Task prompt: Leaving out all pictures, write down exactly the lines from the one containing "縄文アクセサリーづくり(勾玉研磨)を体験する家族連れ" through the last line of the material.

Supplied records:
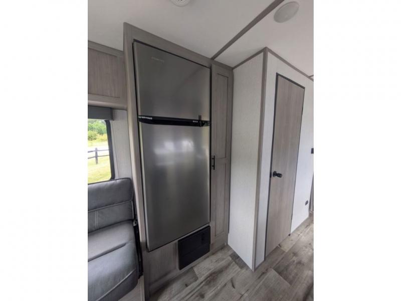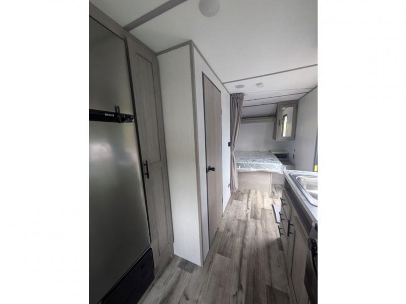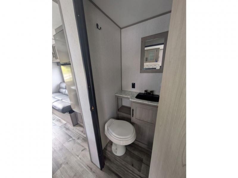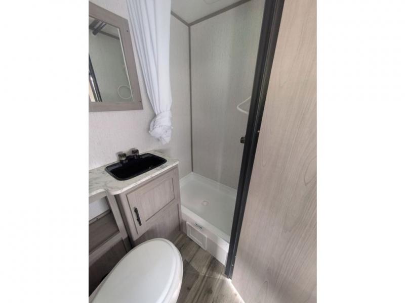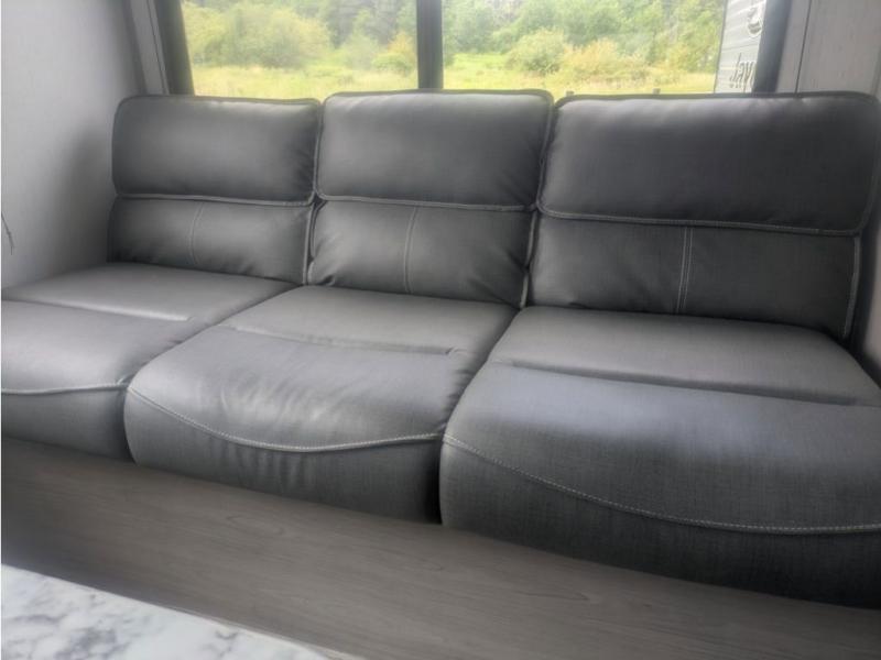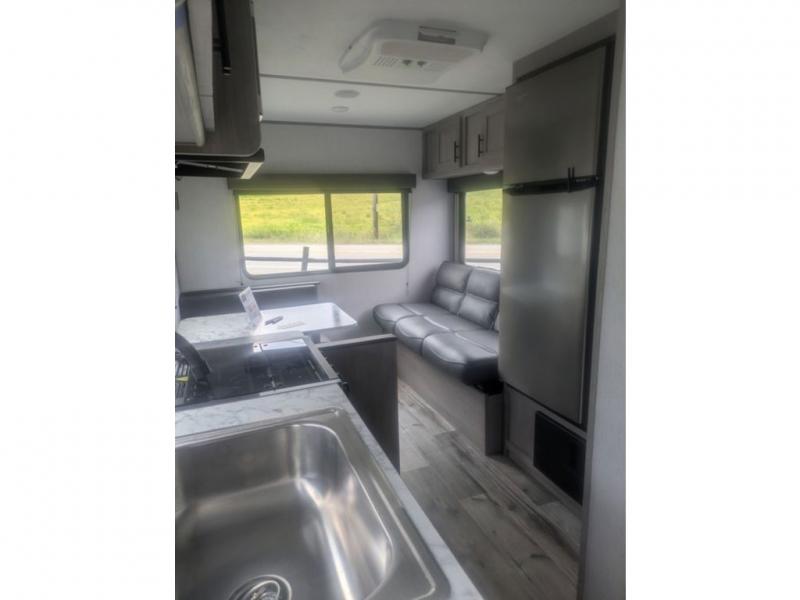 Your tent-camping days are over with this travel trailer in tow! Once you arrive at your destination, grab your fishing poles from the pass-through storage and head down to the lake. The full bath will allow you to freshen up when you return, plus there is a bath skylight for added standing space. The chef of your group can prepare dinner on the cooktop or oven, and perishables can be stored in the 10 cu. ft. refrigerator. There is a booth dinette where you can dine at, and a reclining sofa for extra seating space. You will love having your own queen bed up front with dual wardrobes on either side, and your guests can sleep on the furniture in the back!
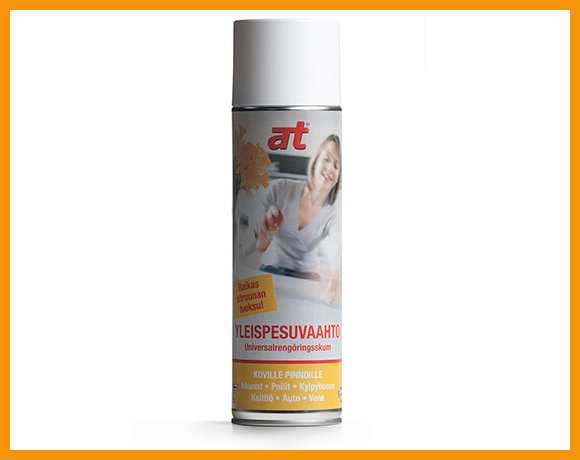 AT Yleispesuvaahto on valumaton ja tehokas yleispesuvaahto kovien pintojen puhdistukseen rasvasta, liasta, noesta ja muista epäpuhtauksista. Miellyttävästi sitruunalta tuoksuva tuote soveltuu mm. keittiöiden, kylpyhuoneiden, ajoneuvojen ja veneiden yleispuhdistusaineeksi. Aine toimii erinomaisesti myös lasipinnoilla, jotka se pesee säihkyvän kirkkaiksi eikä jätä kalvoa.
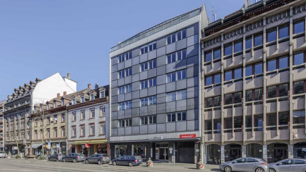 Die Gewerbefläche befindet sich direkt in der Freiburger Haupteinkaufsstraße, der Kaiser-Joseph-Straße, in zentraler Innenstadtlage. Ihr Klientel und Ihre Mitarbeiter werden den direkten Straßenbahnanschluss und die unmittelbare Nähe zur B31, mit schneller Anbindung an die A5, sehr zu schätzen wissen. Das Martinstor, der Eingang zum Freiburger Altstadtkern, ist ein paar Gehminuten entfernt. Das Gebäude befindet sich an einer Stelle in der Kaiser-Joseph-Straße, außerhalb der Fußgängerzone, die immer befahren werden kann.
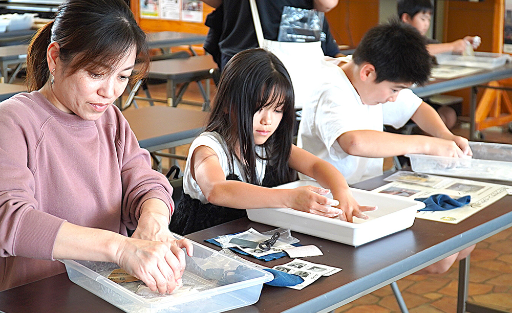 縄文アクセサリーづくり(勾玉研磨)を体験する家族連れ
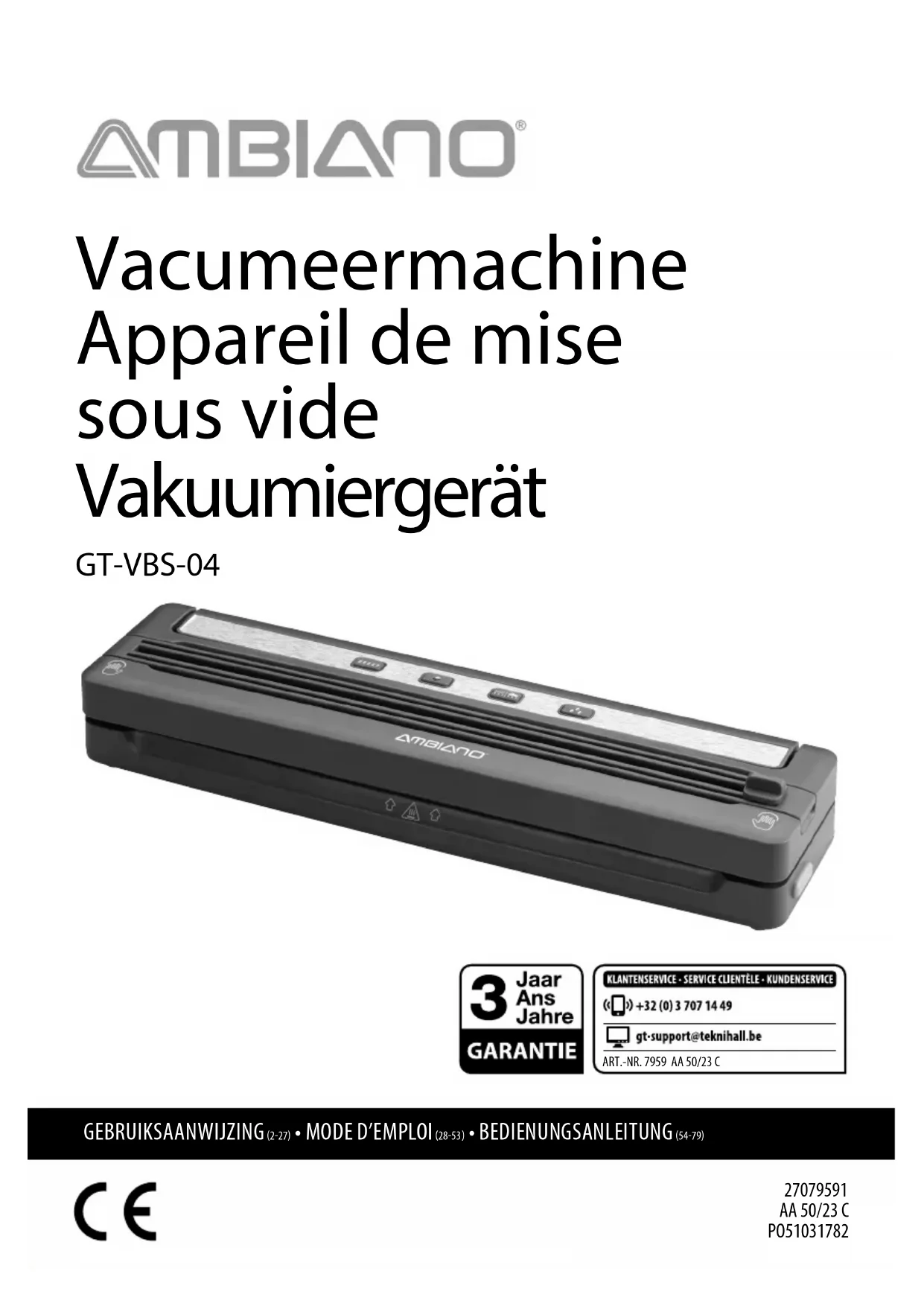 Retrouvez gratuitement la notice de l'appareil GT-VBS-04 Ambiano au format PDF.
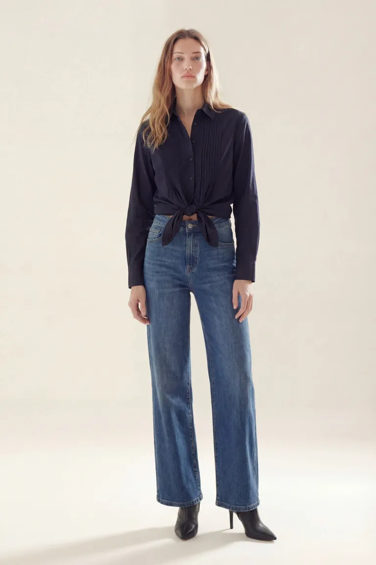 Camisa de manga larga con detalle de alforzas verticales en el frente y cierre frontal mediante botones. Presenta un diseño versátil con opción de anudado en la cintura, ideal para lograr un look relajado y estructurado a la vez. Una prenda básica y funcional que se adapta a diferentes ocasiones, aportando un estilo refinado al guardarropa femenino.
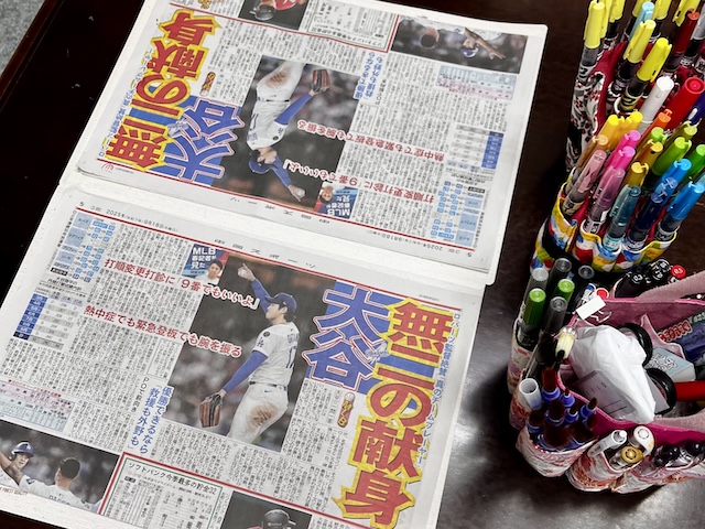 大谷翔平選手の新聞の上でプレー(手習い)って
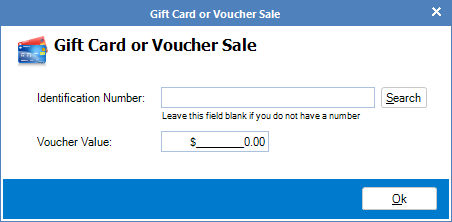 Step 3: Enter the gift card number that is matches exactly to your existing gift card records. It is very important that this number matches or you won't be able to find them when the client uses it. Next enter the remaining value that is on the existing gift card. Once entered, click Ok.
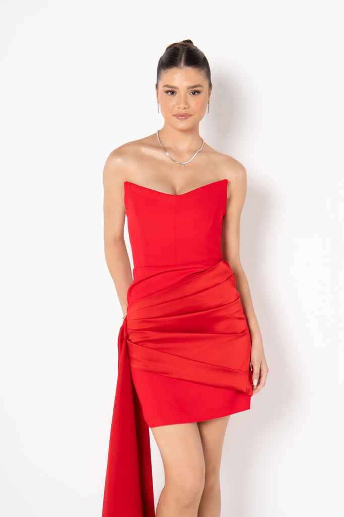 Turn heads with Talisa, a strapless mini evening dress designed to make every night unforgettable. Its sleek silhouette highlights your curves while keeping things flirty and fun. Perfect for dancing the night away or stealing the spotlight at any event, Talisa combines bold style with effortless charm. Embrace your playful side and shine wherever you go.

Output below:
 縄文アクセサリーづくり(勾玉研磨)を体験する家族連れ
 Retrouvez gratuitement la notice de l'appareil GT-VBS-04 Ambiano au format PDF.
 Camisa de manga larga con detalle de alforzas verticales en el frente y cierre frontal mediante botones. Presenta un diseño versátil con opción de anudado en la cintura, ideal para lograr un look relajado y estructurado a la vez. Una prenda básica y funcional que se adapta a diferentes ocasiones, aportando un estilo refinado al guardarropa femenino.
 大谷翔平選手の新聞の上でプレー(手習い)って
 Step 3: Enter the gift card number that is matches exactly to your existing gift card records. It is very important that this number matches or you won't be able to find them when the client uses it. Next enter the remaining value that is on the existing gift card. Once entered, click Ok.
 Turn heads with Talisa, a strapless mini evening dress designed to make every night unforgettable. Its sleek silhouette highlights your curves while keeping things flirty and fun. Perfect for dancing the night away or stealing the spotlight at any event, Talisa combines bold style with effortless charm. Embrace your playful side and shine wherever you go.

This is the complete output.